San Francisco has hit the ball well while dominating at home this season. It’s been a different story on the road.
The Giants get a chance to reverse those road woes Tuesday night when they open a 10-game trip against the slumping Washington Nationals.
San Francisco (25-24) begins this three-game set following a 5-1 homestand. Aaron Rowand(notes), Pablo Sandoval(notes), Fred Lewis(notes) and Rich Aurilia(notes) had two hits apiece in Sunday’s 5-3 win over St. Louis as the Giants tagged Cardinals pitching for 12 hits.
“I’ve been very encouraged with the way we’ve been swinging the bats here at home,” manager Bruce Bochy told the Giants’ official Web site. “We need to carry that into the road trip.”
San Francisco, which has won eight of nine series at AT&T Park this season, is batting .279 while winning 18 of 27 home games. On the road, the Giants are 7-15 and are hitting just .234.

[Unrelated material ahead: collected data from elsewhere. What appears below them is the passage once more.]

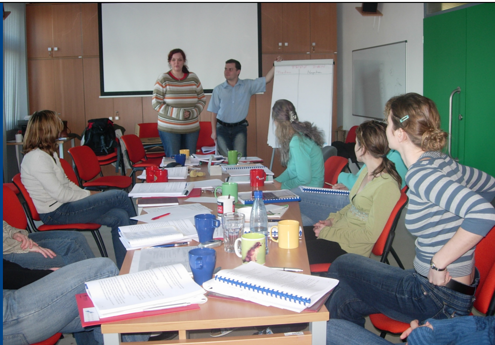
Obr. –Rekvalifikační kurz Lektor – specialista na přípravu osob na zaměstnání, 7. prosince 2006
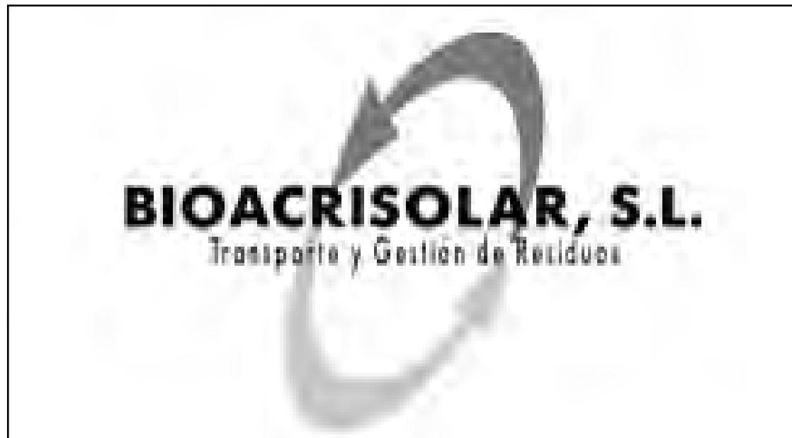
La empresa gestiona los residuos de las empresas para las que trabaja.

En Bioacrisolar el principal compromiso, como compañía dedicada a la Gestión de residuos para
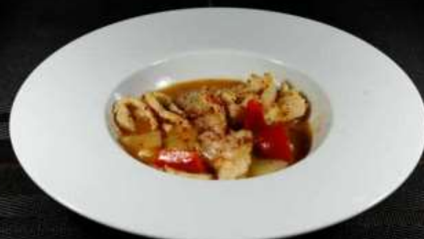
177 POLLO IN SALSA SATE' ❄️
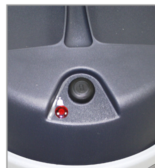
集塵量及阻塞警示燈
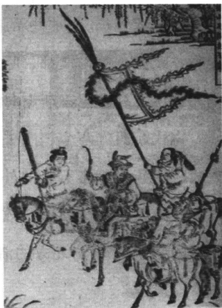
安禄山反叛兵戈举（明刻）

755年11月11日，这是伟大的长安帝国转折性的历史时刻，自此以后，帝国的态势由扩张变为防守，同时受到帝国内部反叛不断的困扰，直至它最后消亡。755年的这一历史事件给中国这块土地上的各民族带来了权力格
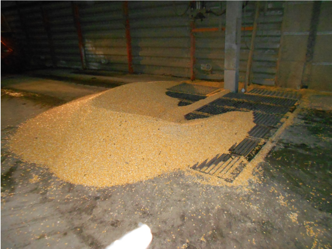
Figur 4. Majsen kommer i siloen via korngrav.
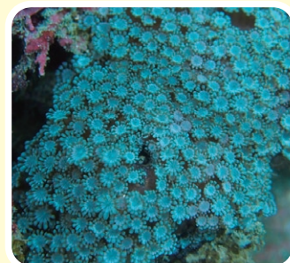
■ニホンアワサンゴ
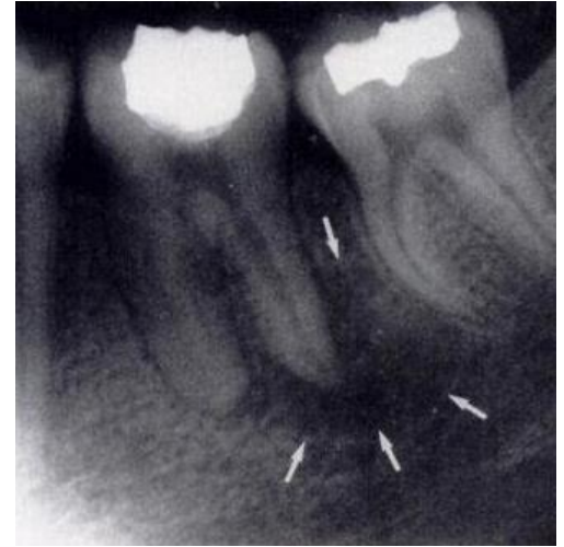
Cómo se ve un absceso dental en una radiografía dental

Si experimenta alguno de los síntomas anteriores, debe programar una cita con su dentista de inmediato. Su dentista examinará sus dientes y puede tomar una radiografía para determinar el alcance del problema de la pulpa dental. Si la pulpa dental está infectada o inflamada, su dentista puede recomendar un tratamiento de endodoncia.
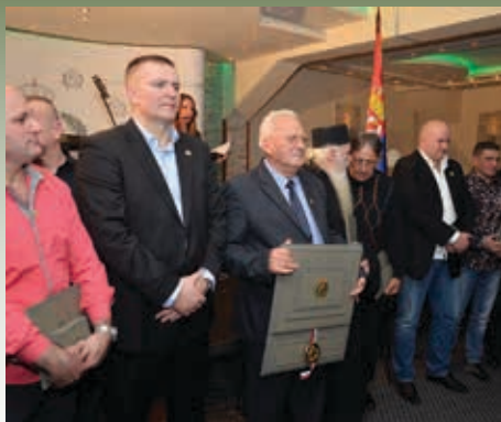
15. фебруар 2014. године ПРОСЛАВА ПРВЕ ГОДИШЊИЦЕ НАРОДНОГ ПОКРЕТА
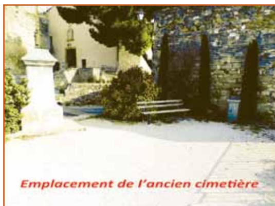
Emplacement de l'ancien cimetière

Le 20 mars 1838, le Conseil municipal décida de transférer le cimetière, qui se trouvait jusqu'alors près de l'église (sur l'actuel belvédère de la Croix de Mission) à l'étroit dans ses 115 m 2 . Un siècle auparavant, le duc de Gadagne l'avait déjà fait repousser hors de l'enceinte du château.
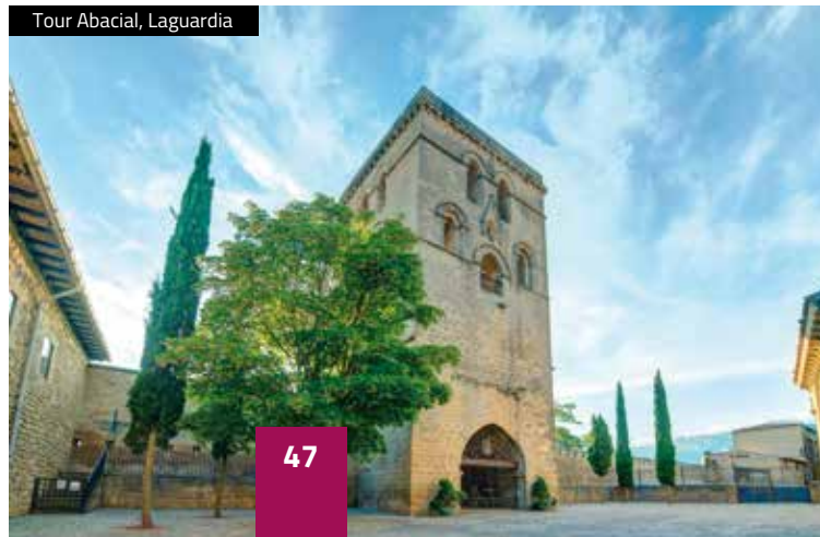
Tour Abacial, Laguardia
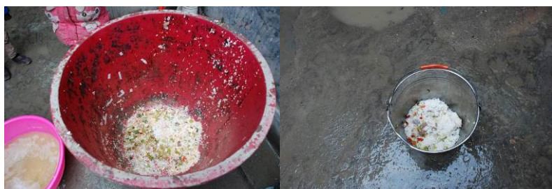
图 17 700 多人的剩饭菜（为调查者所去过学校最少，该校创造了一个奇迹）

Facing a Washington club that has one of the worst ERAs in the major leagues (5.69) could be what San Francisco needs to start closing the large gap between it and the NL West-leading Los Angeles Dodgers.

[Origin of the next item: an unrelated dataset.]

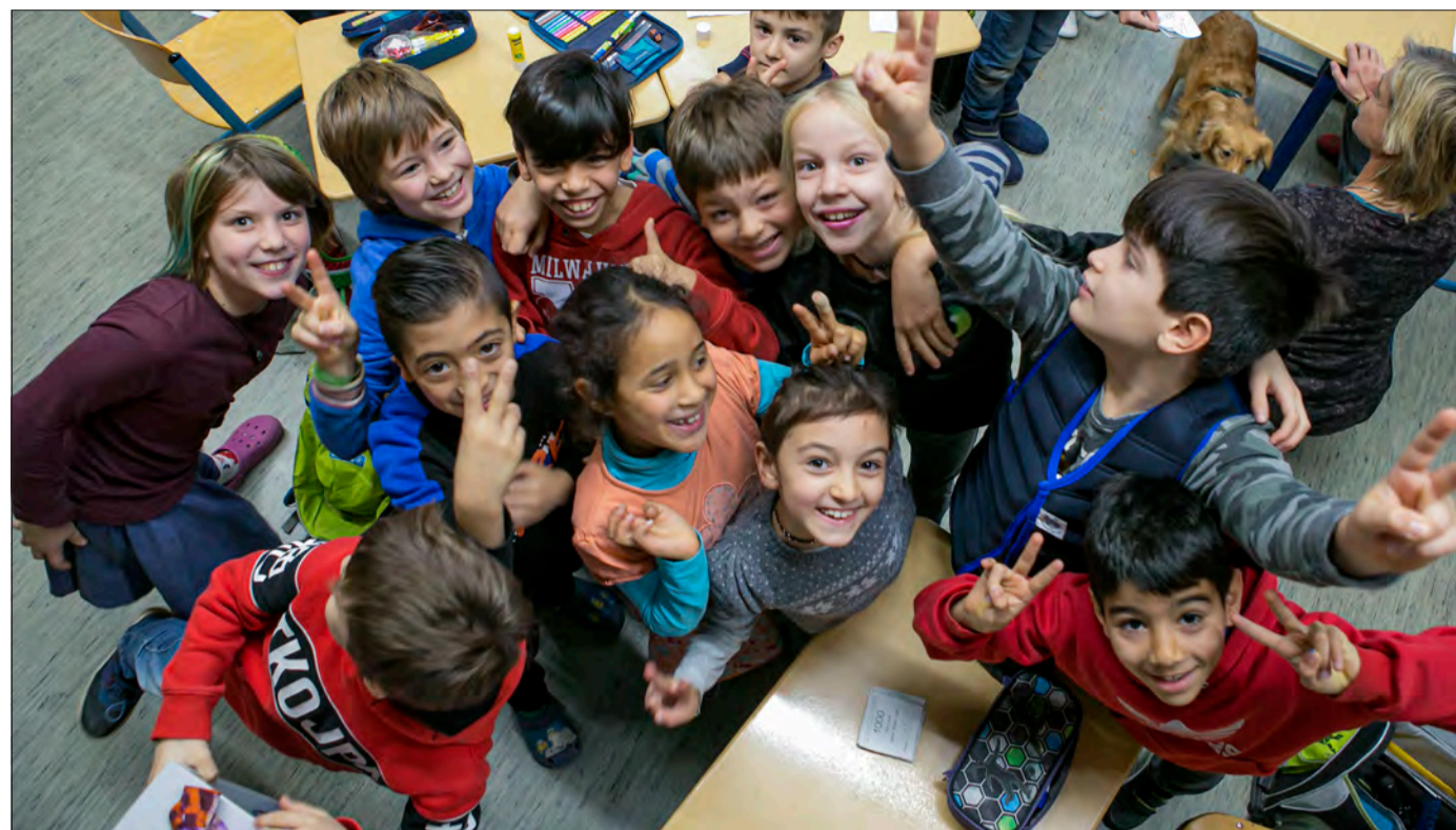
Bunt gemischt: Die Schülerinnen und Schüler der Hebelschule kommen alle aus dem selben Stadtteil, haben ihre Wurzeln aber in vielen verschiedenen Ländern.

Alle Folgen der Serie unter www.freiburg.de/schuleimblick

“We’re playing teams record-wise who are below us,” Aurilia said of this trip to face the Nationals, Florida Marlins and Arizona Diamondbacks. “This is a trip we should try to take advantage of and have a winning record, not a .500 trip.”
The Nationals (13-36) would likely settle for .500 baseball after dropping six straight and 18 of 21.
“We’re not a bad team, although our record obviously says that,” third baseman Ryan Zimmerman(notes) said after Sunday’s 4-2 loss to Philadelphia. “Some people need to look at themselves in the mirror. I think it’s an individual thing now, more than a team thing. Everyone worries about the team—but if everyone does what he’s supposed to do, that’s when we’ll take off.”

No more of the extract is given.